By Matt Harrington, BCBA · Behaviorist Book Club · Research-backed answers for behavior analysts
Consent is a legal concept referring to the agreement provided by a parent or guardian for their child to receive services. It is typically given once through a formal process such as signing an IEP or service agreement. Assent is a behavioral concept referring to the student's ongoing, moment-to-moment willingness to participate in an activity or receive a service. Assent is communicated through behavior, including engagement, approach, positive affect, and cooperation, while assent withdrawal is communicated through avoidance, distress, or disengagement. Both consent and assent are important: consent authorizes services legally, while assent ensures that services are being delivered in a way the student is willing to participate in.
No. Assent-based practice does not eliminate demands or expectations but changes how demands are presented and how refusal is addressed. The goal is to create conditions that maximize the likelihood of willing participation through choice provision, appropriate demand calibration, predictable routines, and responsive interaction. When a student does withdraw assent, the response is to pause, offer alternatives, and modify the approach rather than to escalate demands or simply allow avoidance. Persistent assent withdrawal from a specific activity is treated as clinical data indicating that the approach needs modification, not as permission to eliminate the learning objective entirely.

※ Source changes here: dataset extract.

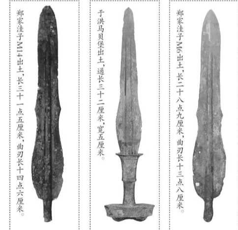
郑家洼子出土的青铜剑，牵出了一段横跨东北亚数千年的文化传奇。

This is a common concern that should be addressed directly and proactively. Frame assent-based practice as a more effective strategy for achieving the same educational goals, not as an alternative to those goals. Share the evidence linking student engagement to learning outcomes. Demonstrate with data from your own students that assent-based approaches produce skill acquisition alongside positive engagement. Acknowledge staff concerns about instructional time and academic standards, and show how proactive environmental design reduces the frequency and duration of behavioral disruptions that currently consume far more instructional time than assent-based pauses. Collaborative problem-solving that respects staff expertise while introducing new approaches is more effective than directive instruction.
Safety-critical activities and legally mandated assessments represent situations where the student's immediate participation may be necessary regardless of assent. In these situations, the behavior analyst should prepare the student in advance using visual supports, social stories, and practice opportunities. The environment should be modified to reduce aversive features (quieter testing location, familiar adult present). After the activity, the behavior analyst should debrief and provide compensatory choice and preferred activities. The key distinction is between activities where participation is truly mandatory for safety or legal reasons and activities where participation feels mandatory but could actually be modified. The vast majority of school demands fall in the latter category.
Effective proactive strategies include embedding choice throughout the school day (sequence of activities, materials, location, partners), providing predictable routines through visual schedules and advance notice of changes, calibrating demand difficulty to the student's current state, building preferred activities and interests into the curriculum, ensuring the sensory environment is comfortable, establishing clear and consistent expectations that the student understands, providing adequate breaks and opportunities for self-regulation, and building positive relationships between the student and all adults in the school. These strategies reduce the conditions that trigger assent withdrawal by creating an environment in which the student feels safe, capable, and motivated.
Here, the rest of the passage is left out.